◆ Source data
Content starts

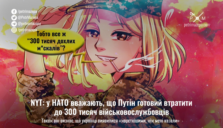 Водночас один із членів НАТО попереджає союзників, що Путін готовий погодитися на загибель або поранення 300 тисяч російських військовослужбовців. Поки що вбито трошки менш ніж 100 тисяч окупантів.
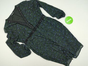 Sukienka damska BELoVED Woman - Rozmiar: EU 42 (ES 44 / IT 46) – z metki - Krój: prosty, długość midi, rękaw 3/4 - Dekolt: okrągły - Kolor: czarny z drobnym, roślinnym nadrukiem (kwiatki/gałązki w...
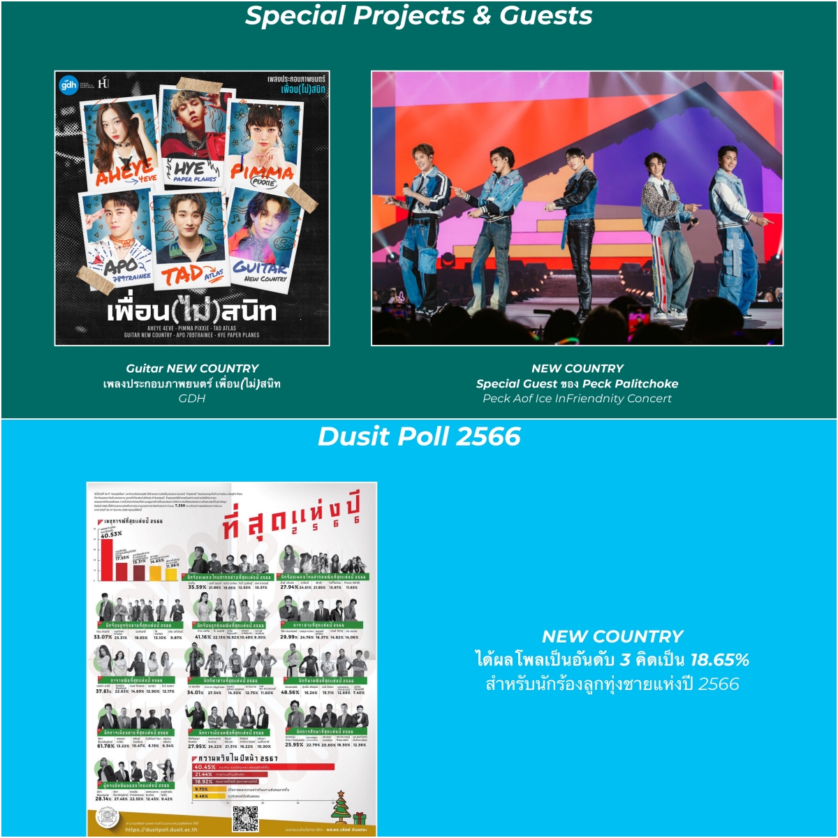 โดยในตลอดทั้งปี 2566 น้องๆ NEW COUNTRY ทั้ง 6 คน เอ็มโบว์,นุ,กีต้าร์,ติณติณ,กิ๊ก และมัทรี ก็มีผลงานเพลงออกมาอย่างต่อเนื่องเช่นเพลง “เฉือนใจ” “มีคนเสียใจแล้วหนึ่ง” “รบกวนเอ็นดู” และเพลงจากโปรเจคซนซน 40 ปี GMM “โอ้ละหนอ …My Love” และที่ตอกย้ำความสำเร็จของ NEW COUNTRY อย่างเห็นได้ชัดคือ ในแอพพลิเคชั่น TIKTOK มียอดคนใช้แผ่นเสียงทุกเพลงรวมกันของ NEW COUNTRY มากกว่า 1 ล้านคลิป

Content ends

Leave the images out as you retype each line of the material exactly.

 Водночас один із членів НАТО попереджає союзників, що Путін готовий погодитися на загибель або поранення 300 тисяч російських військовослужбовців. Поки що вбито трошки менш ніж 100 тисяч окупантів.
 Sukienka damska BELoVED Woman - Rozmiar: EU 42 (ES 44 / IT 46) – z metki - Krój: prosty, długość midi, rękaw 3/4 - Dekolt: okrągły - Kolor: czarny z drobnym, roślinnym nadrukiem (kwiatki/gałązki w...
 โดยในตลอดทั้งปี 2566 น้องๆ NEW COUNTRY ทั้ง 6 คน เอ็มโบว์,นุ,กีต้าร์,ติณติณ,กิ๊ก และมัทรี ก็มีผลงานเพลงออกมาอย่างต่อเนื่องเช่นเพลง “เฉือนใจ” “มีคนเสียใจแล้วหนึ่ง” “รบกวนเอ็นดู” และเพลงจากโปรเจคซนซน 40 ปี GMM “โอ้ละหนอ …My Love” และที่ตอกย้ำความสำเร็จของ NEW COUNTRY อย่างเห็นได้ชัดคือ ในแอพพลิเคชั่น TIKTOK มียอดคนใช้แผ่นเสียงทุกเพลงรวมกันของ NEW COUNTRY มากกว่า 1 ล้านคลิป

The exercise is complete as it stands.